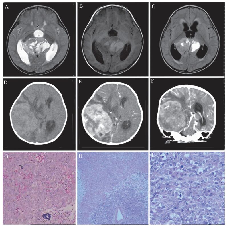 图 1 一例中枢神经系统AT/RT患儿影像学及病理检查图 A:MRI的T2加权像;B:MRI的T1加权像;C:液体衰减反转恢复(FLAIR)序列;D:CT平扫;E~F:CT增强扫描;G:病理检查显示组织形态单一(苏木素-伊红染色,×100);H:病理检查显示组织形态多样化(苏木素-伊红染色,×100);I:典型的横纹肌样细胞(苏木素-伊红染色,×400) |
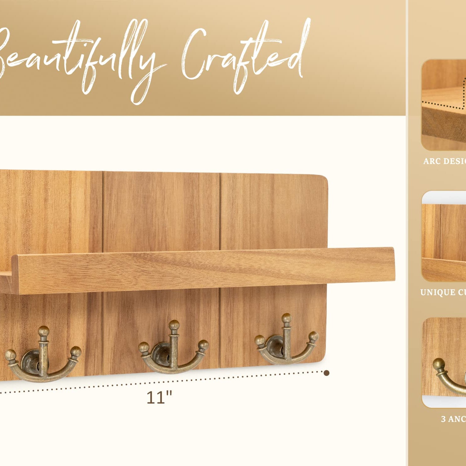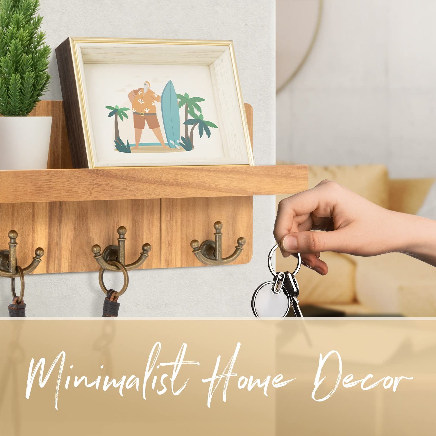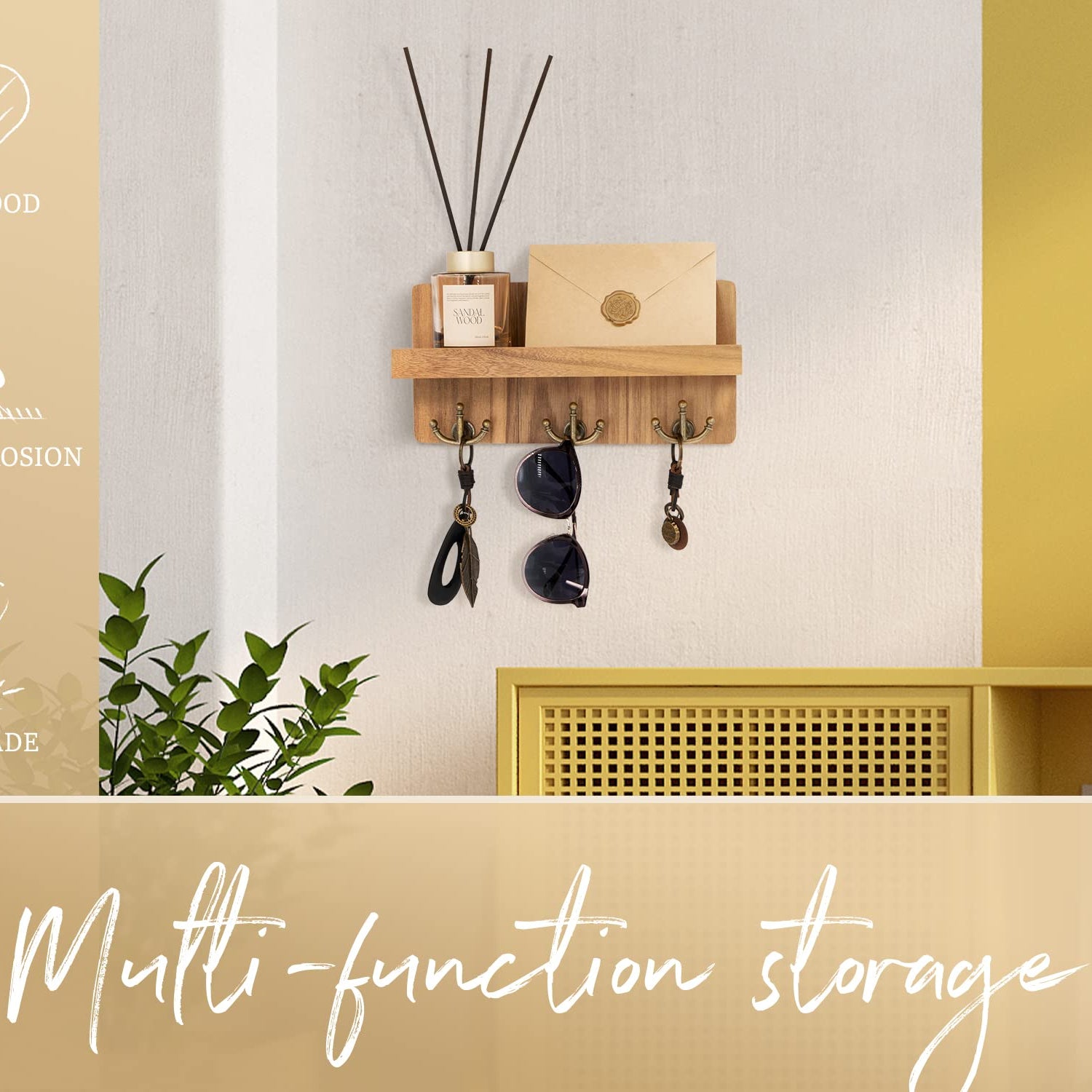 - 【HOUSEHOLD ESSENTIAL KEY HOLDER】Stable shelves and sturdy hooks help keep your entryway organized, make it easy to find what you need on the wall key rack when you're out, you can also display your family photos or some succulents.
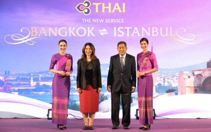 บริษัท การบินไทย จำกัด (มหาชน) จัดงานแนะนำเส้นทางบินใหม่ สู่นครอิสตันบูล สาธารณรัฐทูร์เคีย เสริมความแข็งแกร่งของเครือข่ายเส้นทางบินของบริษัทฯ โดยมี นายปิยสวัสดิ์ อัมระนันทน์ ประธานคณะผู้บริหารแผนฟื้นฟูกิจการ บริษัทฯ เป็นประธานในงาน พร้อมด้วยนางแซรัป แอร์ซอย เอกอัครราชทูตสาธารณรัฐทูร์เคียประจำประเทศไทย นายอสิ ม้ามณี อธิบดีกรมยุโรป นายศิริปกรณ์ เชี่ยวสมุทร รองผู้ว่าการด้านตลาดยุโรป แอฟริกา ตะวันออกกลาง และอเมริกา การท่องเที่ยวแห่งประเทศไทย (ททท.) นายพรชัย ฐีระเวช ผู้บริหารแผนฟื้นฟูกิจการ นายชาย เอี่ยมศิริ ประธานเจ้าหน้าที่บริหารและผู้บริหาร ร่วมในงาน
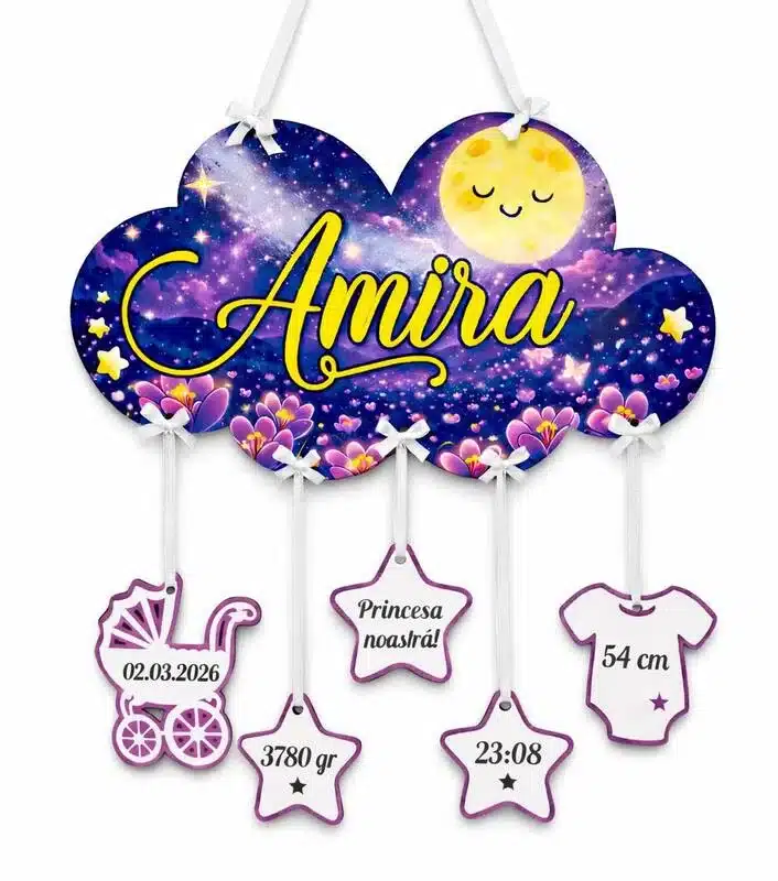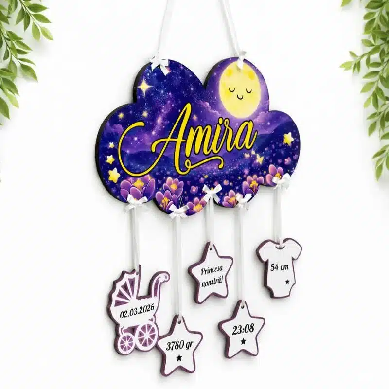 - Design: O placă decorativă, cu un aspect drăguț și cald, care evidențiază detaliile de la nașterea bebelușului.
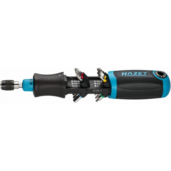 Ühesuuna siduriga. Suund on muudetav. Otsikuid hoiustatakse käepideme sees.
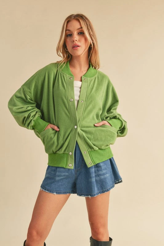 The Snap Down Drop Shoulder Brushed Jacket is a trendy outerwear piece featuring snap-summary closure. It boasts a relaxed drop shoulder design for a comfortable fit. The brushed fabric adds a soft and cozy feel, perfect for cooler weather. This versatile jacket can be styled casually or dressed up for a chic look.
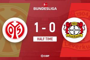 赛事直播互动-半场-勒沃库森0-1美因茨 内布尔破门格里马尔多伤退药厂0射正
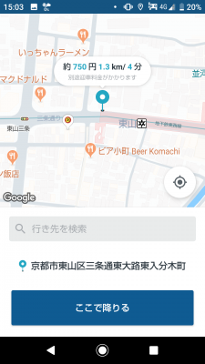実際にタクシーを呼ぶ時は、だいたい今いる場所が出てくるので、来てほしい場所を指定します。
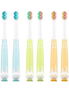 Fregum 7001 Extra Soft Toddler Toothbrush, Kids Tooth Brush for Children Ages 2+, Cute Buuny Design, Small Head, 6 Count

________________________________________

**ACTION ITEM:** Using the entries above, transcribe every line from the line containing "บริษัท การบินไทย จำกัด" through the line containing "The Snap Down". Do not copy pictures.

**TASK ANSWER:**
 บริษัท การบินไทย จำกัด (มหาชน) จัดงานแนะนำเส้นทางบินใหม่ สู่นครอิสตันบูล สาธารณรัฐทูร์เคีย เสริมความแข็งแกร่งของเครือข่ายเส้นทางบินของบริษัทฯ โดยมี นายปิยสวัสดิ์ อัมระนันทน์ ประธานคณะผู้บริหารแผนฟื้นฟูกิจการ บริษัทฯ เป็นประธานในงาน พร้อมด้วยนางแซรัป แอร์ซอย เอกอัครราชทูตสาธารณรัฐทูร์เคียประจำประเทศไทย นายอสิ ม้ามณี อธิบดีกรมยุโรป นายศิริปกรณ์ เชี่ยวสมุทร รองผู้ว่าการด้านตลาดยุโรป แอฟริกา ตะวันออกกลาง และอเมริกา การท่องเที่ยวแห่งประเทศไทย (ททท.) นายพรชัย ฐีระเวช ผู้บริหารแผนฟื้นฟูกิจการ นายชาย เอี่ยมศิริ ประธานเจ้าหน้าที่บริหารและผู้บริหาร ร่วมในงาน
 - Design: O placă decorativă, cu un aspect drăguț și cald, care evidențiază detaliile de la nașterea bebelușului.
 Ühesuuna siduriga. Suund on muudetav. Otsikuid hoiustatakse käepideme sees.
 The Snap Down Drop Shoulder Brushed Jacket is a trendy outerwear piece featuring snap-summary closure. It boasts a relaxed drop shoulder design for a comfortable fit. The brushed fabric adds a soft and cozy feel, perfect for cooler weather. This versatile jacket can be styled casually or dressed up for a chic look.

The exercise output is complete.